When the null hypothesis is rejected, the effect is said to be statistically significant . For example, in the Physicians Reactions case study, the probability value is 0.0057 ( p = .0057, which means that p < .05). Therefore, the effect of obesity on physicians’ reactions is statistically significant and the null hypothesis that obesity makes no difference is rejected. It is very important to keep in mind that statistical significance means only that the null hypothesis no effect is rejected; it does not mean that the effect is important, which is what “significant” usually means. When an effect is significant, you can have confidence the effect is not exactly zero. Finding that an effect is statistically significant does not tell you about how large or important the effect is.

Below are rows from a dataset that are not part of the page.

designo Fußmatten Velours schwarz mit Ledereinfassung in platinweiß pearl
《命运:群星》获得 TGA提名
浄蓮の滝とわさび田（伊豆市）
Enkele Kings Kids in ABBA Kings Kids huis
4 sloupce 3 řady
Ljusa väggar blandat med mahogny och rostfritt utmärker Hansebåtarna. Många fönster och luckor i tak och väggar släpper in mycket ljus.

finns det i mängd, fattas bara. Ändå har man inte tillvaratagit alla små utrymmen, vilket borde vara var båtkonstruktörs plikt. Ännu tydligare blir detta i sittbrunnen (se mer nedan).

Do not confuse statistical significance with practical significance. A small effect can be highly significant if the sample size is large enough.

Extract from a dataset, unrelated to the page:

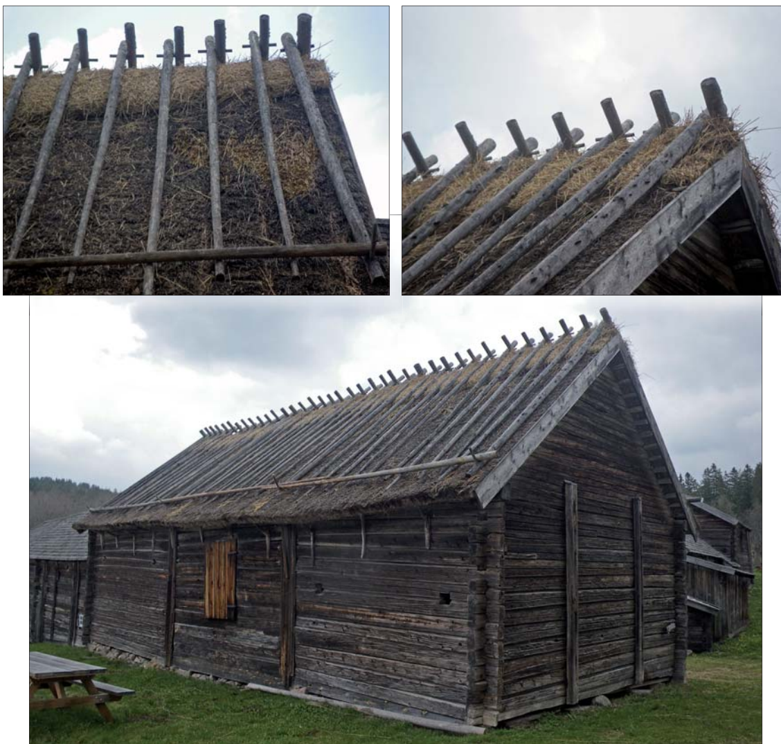
Efter genomfört arbete med ny rygging.

Stegen har nytillverkats av kluven gran och pinnarna är av naturvuxen gran. Varannan pinne är kilad med en liten kil av ek för att hålla pinnarna i spänn så att de inte glider ur. Två nya pinnar sitter på plats i de gamla hålen i väggen så att stegen lutar lite och vatten kan rinna av.

Why does the word “significant” in the phrase “statistically significant” mean something so different from other uses of the word? Interestingly, this is because the meaning of “significant” in everyday language has changed. It turns out that when the procedures for hypothesis testing were developed, something was “significant” if it signified something. Thus, finding that an effect is statistically significant signifies that the effect is most likely real and not due to chance. Over the years, the meaning of “significant” changed, leading to the potential misinterpretation.

Steps of the Hypothesis Testing Process

The process of testing hypotheses follows a simple four-step procedure. This process will be what we use for the remainder of the textbook, and although the hypotheses and statistics we use will change, this process will not.

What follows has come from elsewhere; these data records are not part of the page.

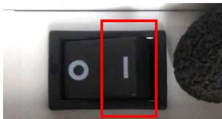
片切スイッチの表示【 | 】側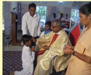
Confirmation : Sikkalnayakkanpet

Bishop's House, Post Box No. 3, Kumbakonam - 612 001.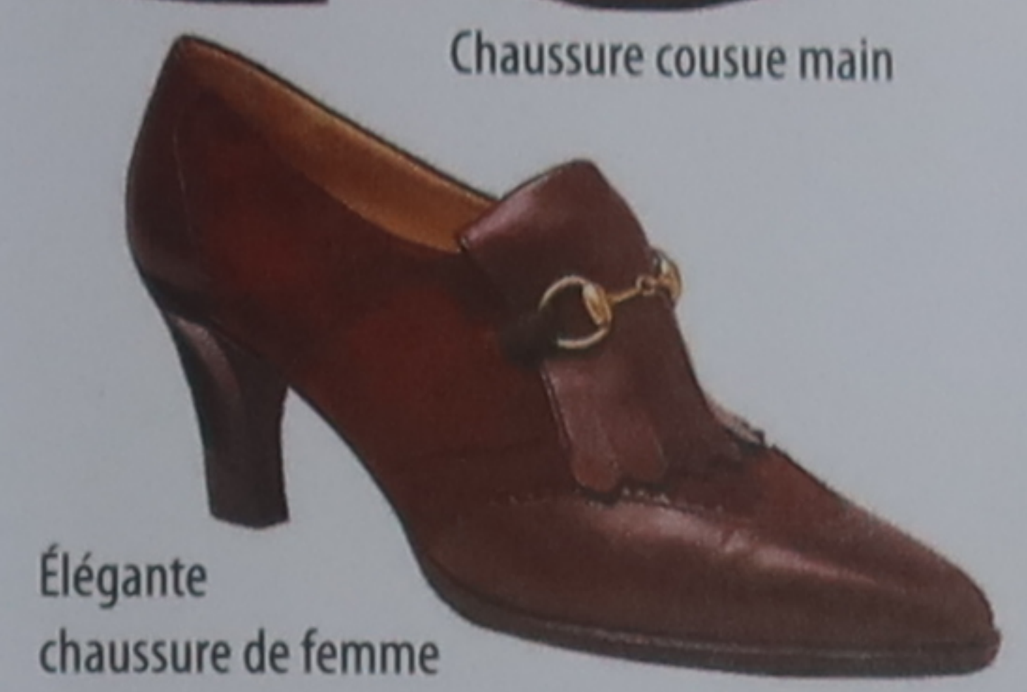
Élégante chaussure de femme

Step 1: State the Hypotheses

Your hypotheses are the first things you need to lay out. Otherwise, there is nothing to test! You have to state the null hypothesis (which is what we test) and the alternative hypothesis (which is what we expect). These should be stated mathematically as they were presented above AND in words, explaining what each one means in terms of the research question.

Step 2: Find the Critical Values

Next, we formally lay out the criteria we will use to test our hypotheses. There are two pieces of information that inform our critical values: Îą, which determines how much of the area under the curve composes our critical region, and the directionality of the test, which determines where the region will be.

Step 3: Compute the Test Statistic

Once we have our hypotheses and the standards we use to test them, we can collect data and calculate our test statistic, in this case z . This step is where the vast majority of differences in future chapters will arise: different tests used for different data are calculated in different ways, but the way we use and interpret them remains the same.

Step 4: Make and Interpret the Decision

Finally, once we have our obtained test statistic, we can compare it to our critical value and decide whether we should reject or fail to reject the null hypothesis.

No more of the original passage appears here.